Work to be completed. Copy out each line of the material exactly. Pictures do not belong in the copy.

Data segment.
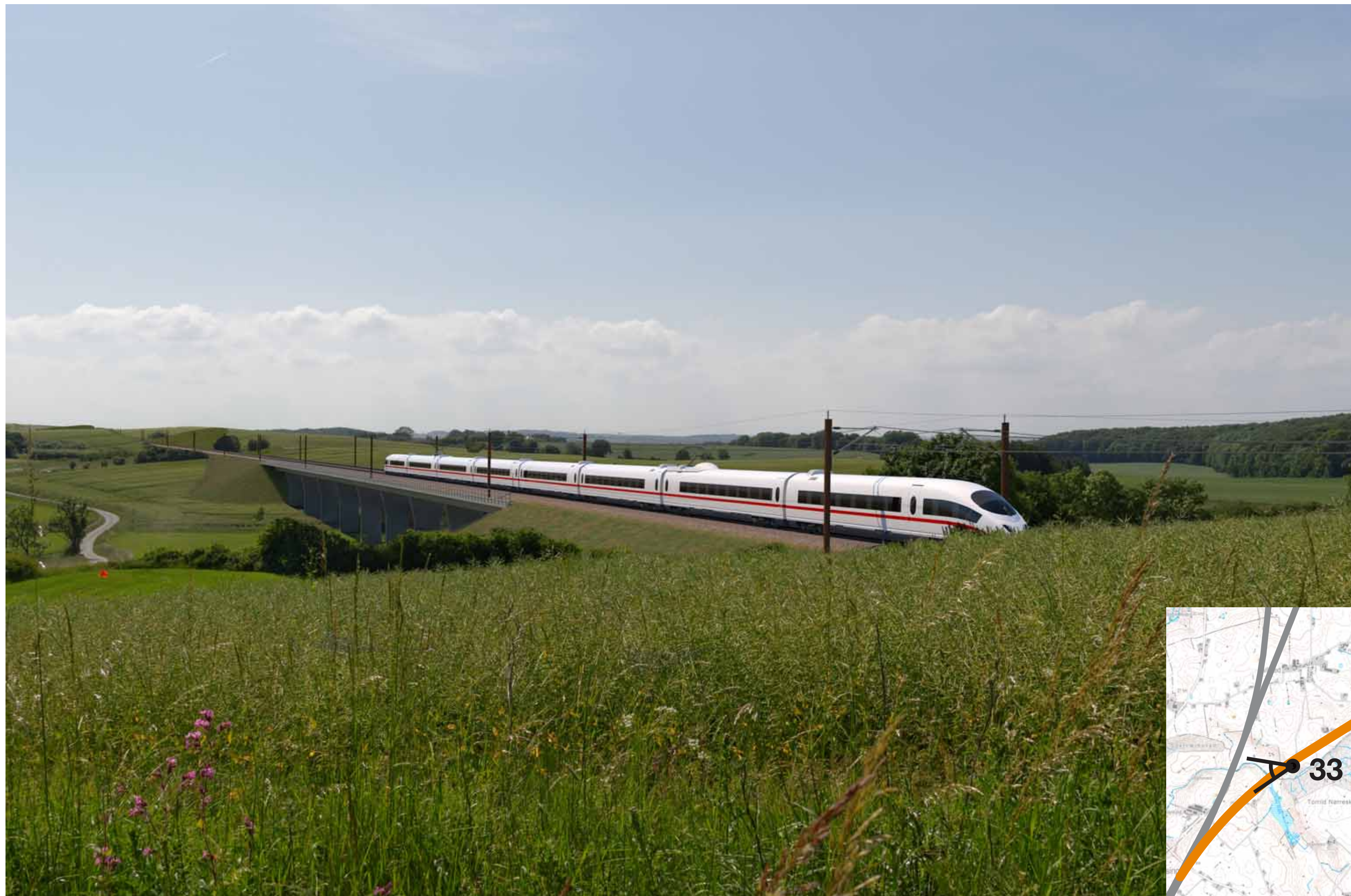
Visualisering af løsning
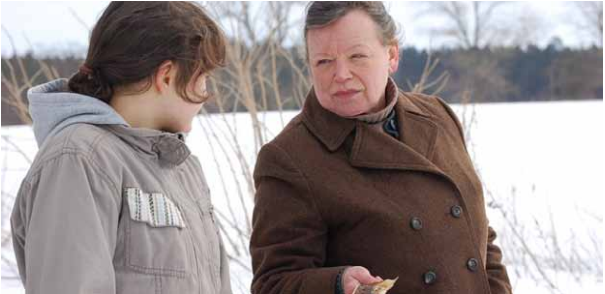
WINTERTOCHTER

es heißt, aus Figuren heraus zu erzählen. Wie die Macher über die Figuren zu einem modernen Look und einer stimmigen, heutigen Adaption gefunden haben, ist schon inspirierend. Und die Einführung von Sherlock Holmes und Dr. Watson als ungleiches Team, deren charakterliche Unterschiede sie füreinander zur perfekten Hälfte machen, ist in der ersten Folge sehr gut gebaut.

Written solution.
Visualisering af løsning
WINTERTOCHTER

es heißt, aus Figuren heraus zu erzählen. Wie die Macher über die Figuren zu einem modernen Look und einer stimmigen, heutigen Adaption gefunden haben, ist schon inspirierend. Und die Einführung von Sherlock Holmes und Dr. Watson als ungleiches Team, deren charakterliche Unterschiede sie füreinander zur perfekten Hälfte machen, ist in der ersten Folge sehr gut gebaut.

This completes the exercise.